I thought the El-Dinero series was done with, but two is poor number of legs to stand upon as any vertically challenged or drunk person will confirm.

So here is number three, the German Tenner in the 1963-1990 edition, depicting a portrait of a Beardless Young Man by German Renaissance painter Lucas Cranach the Elder, formerly attributed to his contemporary Albrecht Dürer.

Zehn Mark
Ink on paper, 240 x 100 mm
April 2020

Cinquante Francs

The rather beautiful 50 Francs banknote from 1947 has also received a recent update.

Cinquante Francs (1947, 2020)
Ink on paper, 208 x 128 mm

The original banknote shows astronomer and mathematician Urbain Le Verrier, who now embarks on another carrier path.

Ten Quid

Ink on paper, 130 x 70 mm, April 2020

There is nothing like staying at home for real comfort – Jane Austen.
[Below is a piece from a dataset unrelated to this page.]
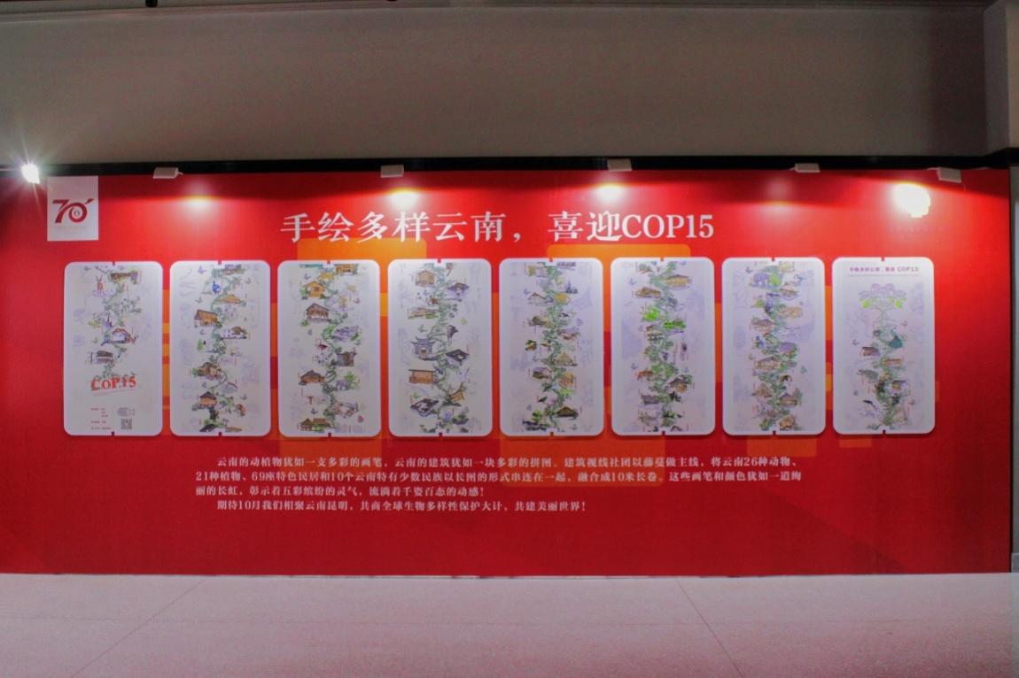 学院建筑视线社团学生绘制的《手绘多样云南》COP15生物多样性大会画卷以藤曼做主线,将云南的特色植物、动物、民居和10个云南特有少数民族以长图的形式串联在一起,融合成10米长卷。

Ink on paper, digital post-processing.
April 2020

Fresh Off The Boat

Fresh Off The Boat (Parallel Universe Series), oil on canvas 800×300 mm, April 2020

Fresh Off The Boat
(Parallel Universe Series)

Oil on canvas, 800×300 mm
April 2020

In fond memory of The Mooring, Rarotonga and with certain liberties with the specifics of Mahi Mahi.

It pleases me that the photo cannot possibly capture this little piece, which reacts with light and your viewing angle in ways that I can’t capture in a still shot.


Meet Esmeralda.
Oil on canvas, 20×16″
April 2020

She isn’t a masterpiece by any stretch of imagination, but she’s the first oil painting that I manage to bring to completion (by some stretch of imagination) in a very long time. As such, I consider her a huge success and hope that she won’t be a one-day wonder.

Darling Residence


Darling Residence, Kensington Gardens London W2

pencil and marker pen on paper,
November 8, 2019

I love the typical lose sketchy style of garden design drawings. A nice little thing to relax to, I think there might be more of these a-coming.

The Light Fandango

After watching a BBC edutainment piece about the Arts and Crafts movement in Britain around 1900, I was inspired to these two pieces.

The Light Fandango (Week 04/2019) was inspired by the most beautiful magazine covers of the time, The Light Fandango (Wanted) just happened thereafter.

The Light Fandango.
Two pieces, ink on paper, February 2019




Oil on canvas, 760 x 500 mm (30 x 20″), October 2018

There is no reason behind the choice of name except for the fact that Paul seemed a perfectly suitable name for a magic seahorse.